P.S. Notice, RL, how none of the articles you've cited state zygote? They always state fetus? Typically, a fetus is:

1. The unborn young of a viviparous vertebrate having a basic structural resemblance to the adult animal.
2. In humans, the unborn young from the end of the eighth week after conception to the moment of birth, as distinguished from the earlier embryo.
0 Replies
 
Diest TKO
 
  1  
Reply Fri 9 Nov, 2007 11:15 am
Intrepid - Yes it's a game. It's a big riddle of mine, and yes I expect participation. It's not trivial, and the survey is a quick collection of questions I have asked in this thread or other abortion related threads here on A2K. If you are to be held accountable for your beliefs, you have to put them out for display.

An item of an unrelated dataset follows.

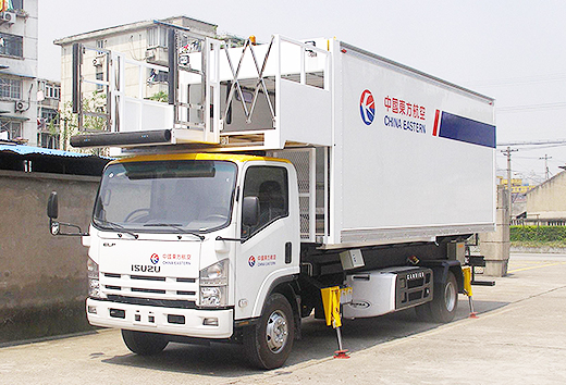 CT-SP550食品車為安裝在ISUZU NPR商用底盤上的飛機食品車,通過液壓剪刀機構實現廂體的升降。此車型可服務于艙門高度為2500mm到5500mm的所有機型,包括A318, A319,A320,B707, B727, B737, B757, B767, DC8, DC9, 1L-18, 1L-62, MD11, MD80等。

BTW, you're welcome to answer as well, if you were feeling left out.

The point is simple. If you truly believe what yu believe, you should be ready to defend it.

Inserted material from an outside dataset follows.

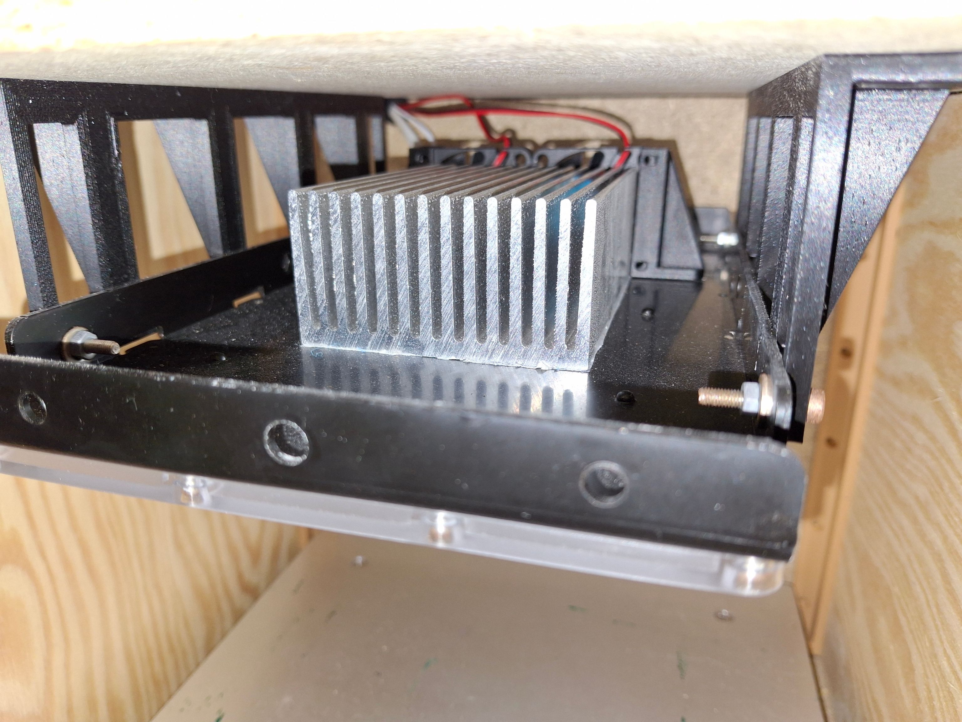 I fixed it by securing a large heatsink to the UV lamp and adding small fans to the back side. The fans were wired to the Ender PCB on the fan terminal. Unfortunately, that terminal is wired directly to 12V, so I can’t control it.

Reposted as per request. I had to go back 20 pages to get this, iexpect it answered. Note the colored word.

Diest TKO wrote:
Bart - A direct survey for you. You want me to be nice again, you'll answer it without question.

Answer for or against for the following topics.

1) Abortion
2) Adoption
3) SCNT embryonic stem cell research
4) IVF
5) Iraq war
6) Darfur intervention

Answer and answer promptly.

T
K
O
0 Replies
 
Wolf ODonnell
 
  1  
Reply Fri 9 Nov, 2007 11:18 am
I'll answer it!

1) Abortion - Yes but with limitations. The current UK legal stance on abortions is fine as it is.
2) Adoption - I'm all for it, but with obvious restrictions to ensure the parents are worthy of adopting a son/daughter.
3) SCNT embryonic stem cell research - Yup, absolutely for it.
4) IVF - Frankly, I think they should go for adoption instead, but I'm not really against it.
5) Iraq war - against it.
6) Darfur intervention - Definitely for it, but it has to be planned out well and not like that Iraq debacle.